Scientific Name(S): Family: Coccidae
Common Name(S): Shellac, lac, gommelaque, lacca
Source: Shellac is the purified product of lac, the red, hardened secretion of the insect Laccifer (Tachardia) lacca Kerr. This tiny insect sucks the sap of selected trees and bushes, and secretes lac as a protective covering. The name lac is said to derive from lakh, the Sanskrit word for one hundred thousand, a reference to the very large number of insects involved in producing appreciable amounts of the product.
Lac is cultivated in India, Thailand, and Burma.
The whitest lac is produced by insects infesting the kusum tree (Schleichera trijuga). The harvester cuts twigs coated with lac into small pieces called sticklac. The crude material is ground and soaked in water to remove debris and insect bodies.
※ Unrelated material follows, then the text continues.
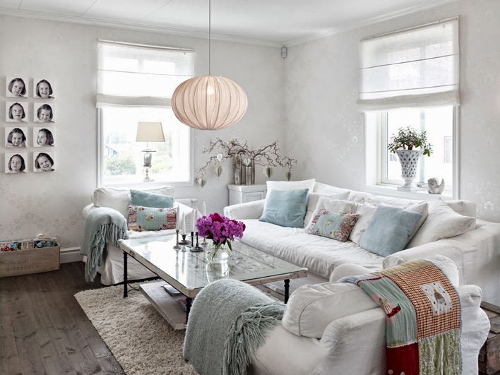 Si lo que quieres es un extra de calidez en tu salón, tu estilo es el nórdico o el boho Chic y tus tapizados chenillas o terciopelos. El color principal es el blanco y para los detalles (cojines y mantas) utiliza colores como tostados, pastel, lilas. Aquí te dejo estas fotografías para que te inspires.

The remaining material is soaked in sodium carbonate, which removes laccaic acid, a complex mixture of at least four structurally related pigments. The resulting granules retain the yellow pigment erythrolaccin and are dried to form seedlac. Further treatment by melting, evaporating, or filtering yields shellac.
Uses of Shellac
The most common use is as a furniture finish, but it has also been used in the pharmaceutical industry, in dentistry, and in cosmetics.
Side Effects of Shellac
Little data are available. One report discusses contact cheilitis.
Toxicology:Little data are available regarding toxicity. One study investigated the short-term inhalation toxicity in rabbits of a hair spray-containing shellac; the product did not induce any significant toxicologic problems. Shellac NF is food grade and is listed as Generally Recognized as Safe (GRAS) by the FDA. One report discusses contact cheilitis to shellac. Another report reviews bezoars (accumulations of foreign material in the stomach) such as shellac. This unusual collection in the GI tract, if untreated, may lead to anorexia, weight loss. bleeding, or perforation.
Summary: Shellac is a crude natural material composed of variable constituents. It is produced from insect Laccifer secretions, then treated to form the final product. Shellac is used in furniture finishing, tablet coatings and matrices, dentistry, and cosmetics. The crude product poses little health hazard, although commercial products that dilute shellac in solvents may pose a health problem.